- _Stored entries_
= Beginning of Section =

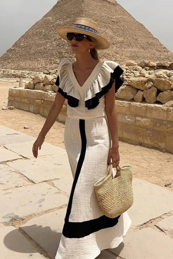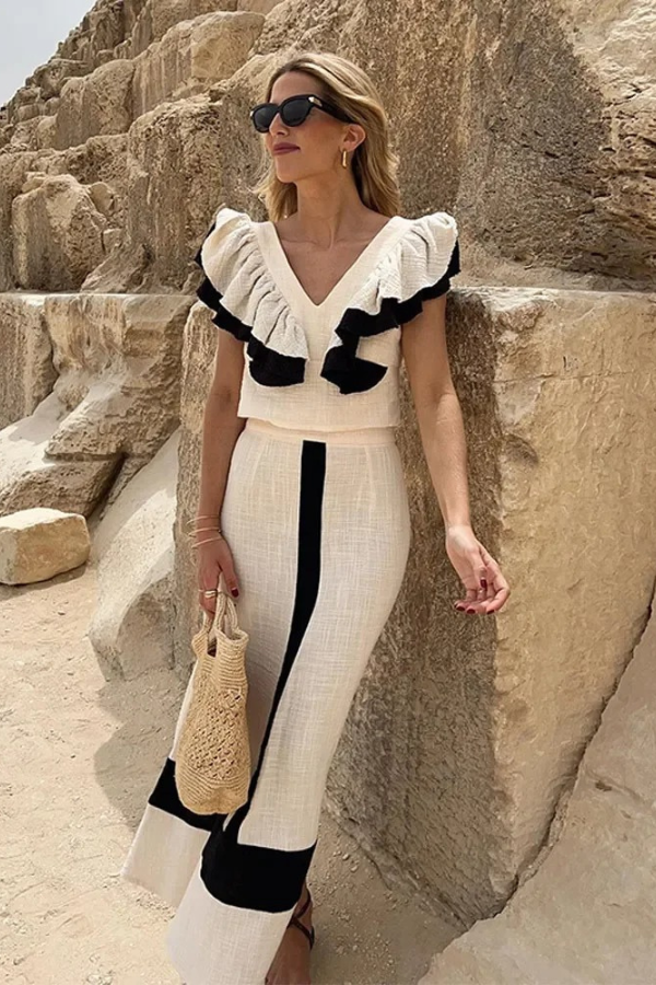 Embrace effortless elegance with this Elegant Women's High-Waist Midi Skirt Set, perfect for your summer vacation wardrobe. Featuring a chic ruffled short suit with a flattering bare back design, this ensemble exudes a playful yet sophisticated vibe. The patchwork V-neck top adds a touch of modern flair, while the high-waisted midi skirt creates a streamlined silhouette, offering both comfort and style. Whether you're strolling along the beach, enjoying a rooftop dinner, or exploring a new city, this set is designed to turn heads with its perfect balance of femininity and trendsetting style.
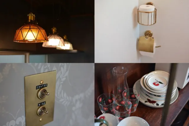キッチンにはアンティークの什器に調理器具や調理家電がずらり。
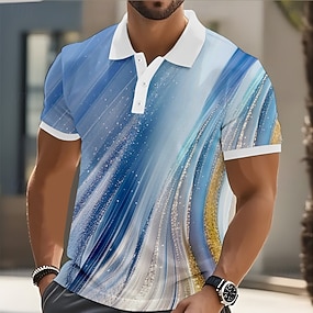 Homme Abstrait Golf Polos de Sport Manche Courte Polos Chemises à Col Occasionnel Athleisure Boutons Printemps & Été Bleu Dorée Vert
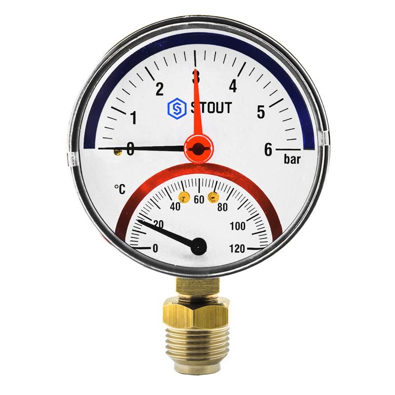 Термоманометр радиал. (нижн.подкл) с авт.запор. клап. Dn 80 мм, 1/2", 0-10 bar, 0-120°С, STOUT
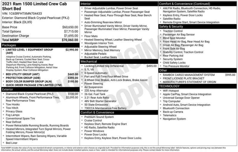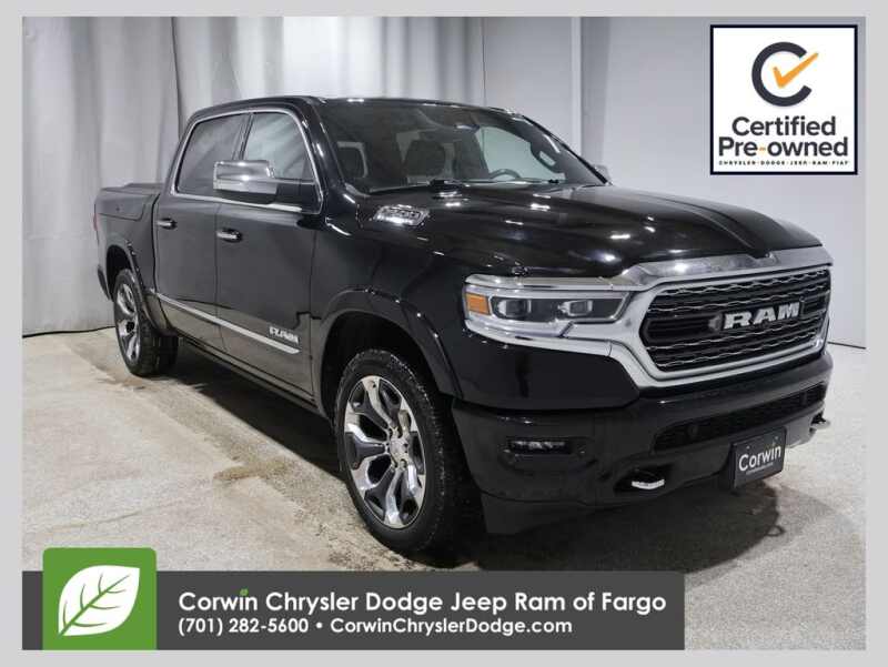 EMBRACE THE SHORTEST MONTH OF THE YEAR WITH CORWIN CHRYSLER DODGE JEEP RAM OF FARGO! WE HAVE SAVINGS ON ALL OF OUR PRE-OWNED VEHICLES AVAILABLE!!WE HAVE ONE OF THE LARGEST SELECTIONS OF INVENTORIES IN OUR AREA AT ONE SINGLE LOCATION!! Recent Arrival! Diamond Black Crystal Pearlcoat 2021 Ram 1500 Limited FACTORY CERTIFIED 4D Crew Cab 4WD HEMI 5.7L V8 Multi Displacement VVT Certified. CARFAX One-Owner. Clean CARFAX.
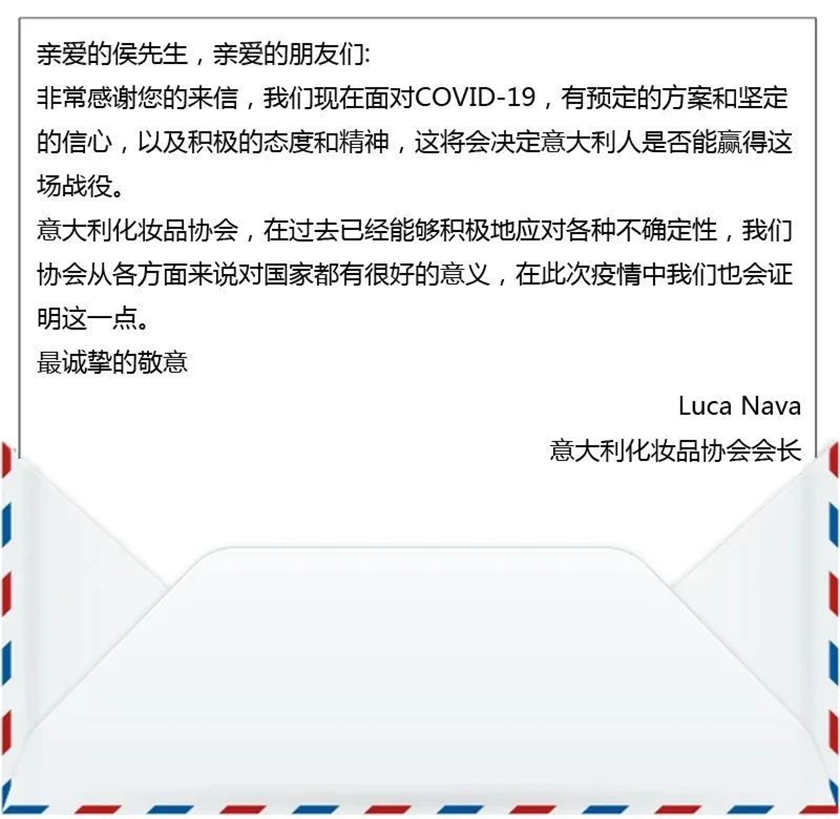 作为全球化妆品行业间的桥梁和纽带,中国美妆小镇在国内疫情逆转之际,听到海外合作伙伴求助的声音,积极筹备,以实际行动支援,尽一份绵薄之力。日前,美妆小镇已向意大利、法国、英国、澳洲、韩国、西班牙等地寄送了爱心支援口罩,也收到了来自各国合作伙伴的感谢和祝福。希望小镇驰援海外抗疫行动能给国外友人增强抗疫信心!
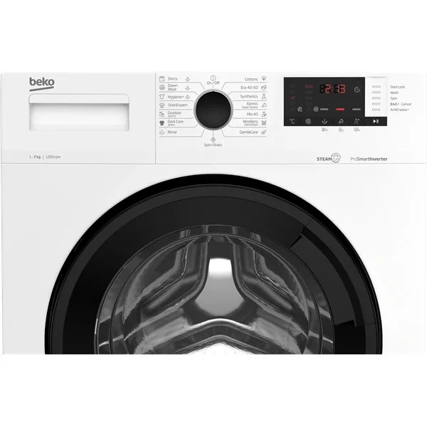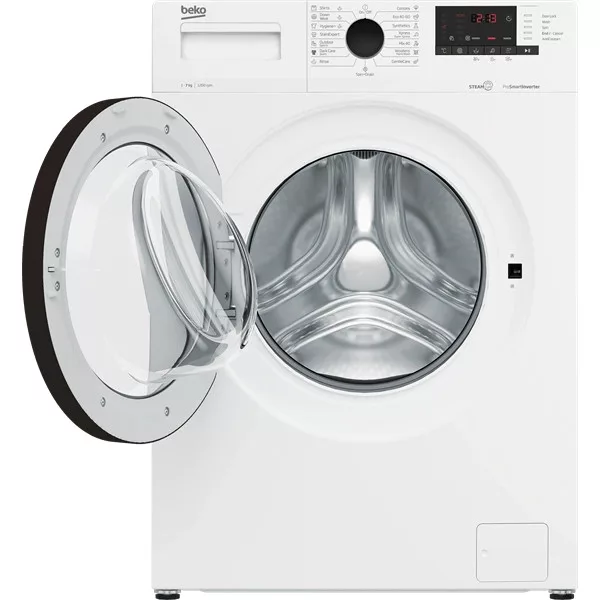 TermékleírásKeskeny mélység akár 6/7 kg ruhaneműhözA keskeny mosógép kisebb vázmélységgel rendelkezik, viszont ez nem jelenti azt, hogy csak néhány ruhadarab mosására alkalmas. A Beko keskeny mosógép akár 6/7 kg ruhaneműt is képes kimosni, így megfelelő lehet akár egy egész család számára.Energiatakarékos készülék. Környezet- és pénztárcabarátA Beko mosógépeket a lehető legkevesebb energiafogyasztással tervezték. Így nemcsak pénzt takarítanak meg Önnek, de a környezetet is védik.SteamCure gőzfunkció. A gőz erejével a foltok ellenA SteamCure gőz technológia behatol a szövetek belsejébe, és folteltávolító és extra előmosás nélkül távolítja el a nem csak a makacs foltokat, de az allergének, baktériumok és vírusok akár 99,9%-át is. A centrifugálás során megakadályozza a gyűrődések kialakulását, ami megkönnyíti a vasalást, illetve mosás nélkül frissíti az egyébként tiszta ruhaneműt is.Daily Xpress program. Mosás teljes kapacitással mindössze 28 perc alattA Daily Express program képes kimosni egy teljes töltetet mindössze 28 perc alatt. Ideális a hétköznapi, enyhén szennyezett ruhaneműk mosására.Műszaki adatokTöltet az ECO 40-60 fokos programhoz: 7 kgA energiaosztályProSmart inverteres motorUtólagos ruhabehelyezési funkcióKeskeny kivitel (49 cm)Centrifuga: 1200 fordulat/percCentrifugahatékonysági osztály: BCentrifuga sebesség kiválasztásSúlyozott energiafogyasztás: 44 kWh/100 ciklusECO 40-60 program hossza teljes töltet mellett: 3:27 hSúlyozott vízfogyasztás üzemi ciklusonként: 43 literProgramok száma: 15Opciók: előmosás, extra öblítés, gyors program, Gőzkezelés, Automata vízadagoló rendszer, Hátralévő idő kijelzés, Késleltetés 0-19 h, Hőmérséklet kiválasztás, centrifuga kiválasztás, Dobtisztítás, GyerekzárZajkibocsátási osztály az ECO 40-60 program centrifugálási fázisában: BZajszint: 74 dBMéret: 84,5 x 60 x 49 cm
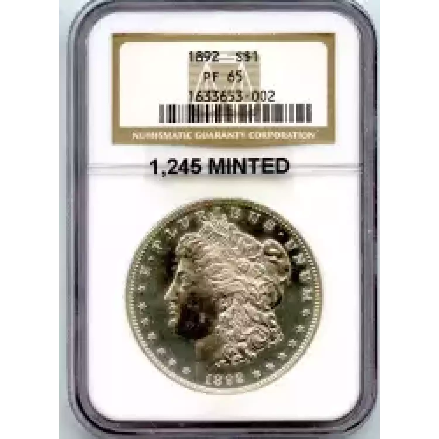 513322 | 1892-PR-65 Morgan Silver Dollar NGC PR-65 CAM | NGC | PR-65 | Sold: 16/12/2019 | $5,150 |

= End of Section =

- _Aim of the task_
Copy out the records exactly; the pictures stay behind.

- _Solved exercise_
 Embrace effortless elegance with this Elegant Women's High-Waist Midi Skirt Set, perfect for your summer vacation wardrobe. Featuring a chic ruffled short suit with a flattering bare back design, this ensemble exudes a playful yet sophisticated vibe. The patchwork V-neck top adds a touch of modern flair, while the high-waisted midi skirt creates a streamlined silhouette, offering both comfort and style. Whether you're strolling along the beach, enjoying a rooftop dinner, or exploring a new city, this set is designed to turn heads with its perfect balance of femininity and trendsetting style.
キッチンにはアンティークの什器に調理器具や調理家電がずらり。
 Homme Abstrait Golf Polos de Sport Manche Courte Polos Chemises à Col Occasionnel Athleisure Boutons Printemps & Été Bleu Dorée Vert
 Термоманометр радиал. (нижн.подкл) с авт.запор. клап. Dn 80 мм, 1/2", 0-10 bar, 0-120°С, STOUT
 EMBRACE THE SHORTEST MONTH OF THE YEAR WITH CORWIN CHRYSLER DODGE JEEP RAM OF FARGO! WE HAVE SAVINGS ON ALL OF OUR PRE-OWNED VEHICLES AVAILABLE!!WE HAVE ONE OF THE LARGEST SELECTIONS OF INVENTORIES IN OUR AREA AT ONE SINGLE LOCATION!! Recent Arrival! Diamond Black Crystal Pearlcoat 2021 Ram 1500 Limited FACTORY CERTIFIED 4D Crew Cab 4WD HEMI 5.7L V8 Multi Displacement VVT Certified. CARFAX One-Owner. Clean CARFAX.
 作为全球化妆品行业间的桥梁和纽带,中国美妆小镇在国内疫情逆转之际,听到海外合作伙伴求助的声音,积极筹备,以实际行动支援,尽一份绵薄之力。日前,美妆小镇已向意大利、法国、英国、澳洲、韩国、西班牙等地寄送了爱心支援口罩,也收到了来自各国合作伙伴的感谢和祝福。希望小镇驰援海外抗疫行动能给国外友人增强抗疫信心!
 TermékleírásKeskeny mélység akár 6/7 kg ruhaneműhözA keskeny mosógép kisebb vázmélységgel rendelkezik, viszont ez nem jelenti azt, hogy csak néhány ruhadarab mosására alkalmas. A Beko keskeny mosógép akár 6/7 kg ruhaneműt is képes kimosni, így megfelelő lehet akár egy egész család számára.Energiatakarékos készülék. Környezet- és pénztárcabarátA Beko mosógépeket a lehető legkevesebb energiafogyasztással tervezték. Így nemcsak pénzt takarítanak meg Önnek, de a környezetet is védik.SteamCure gőzfunkció. A gőz erejével a foltok ellenA SteamCure gőz technológia behatol a szövetek belsejébe, és folteltávolító és extra előmosás nélkül távolítja el a nem csak a makacs foltokat, de az allergének, baktériumok és vírusok akár 99,9%-át is. A centrifugálás során megakadályozza a gyűrődések kialakulását, ami megkönnyíti a vasalást, illetve mosás nélkül frissíti az egyébként tiszta ruhaneműt is.Daily Xpress program. Mosás teljes kapacitással mindössze 28 perc alattA Daily Express program képes kimosni egy teljes töltetet mindössze 28 perc alatt. Ideális a hétköznapi, enyhén szennyezett ruhaneműk mosására.Műszaki adatokTöltet az ECO 40-60 fokos programhoz: 7 kgA energiaosztályProSmart inverteres motorUtólagos ruhabehelyezési funkcióKeskeny kivitel (49 cm)Centrifuga: 1200 fordulat/percCentrifugahatékonysági osztály: BCentrifuga sebesség kiválasztásSúlyozott energiafogyasztás: 44 kWh/100 ciklusECO 40-60 program hossza teljes töltet mellett: 3:27 hSúlyozott vízfogyasztás üzemi ciklusonként: 43 literProgramok száma: 15Opciók: előmosás, extra öblítés, gyors program, Gőzkezelés, Automata vízadagoló rendszer, Hátralévő idő kijelzés, Késleltetés 0-19 h, Hőmérséklet kiválasztás, centrifuga kiválasztás, Dobtisztítás, GyerekzárZajkibocsátási osztály az ECO 40-60 program centrifugálási fázisában: BZajszint: 74 dBMéret: 84,5 x 60 x 49 cm
 513322 | 1892-PR-65 Morgan Silver Dollar NGC PR-65 CAM | NGC | PR-65 | Sold: 16/12/2019 | $5,150 |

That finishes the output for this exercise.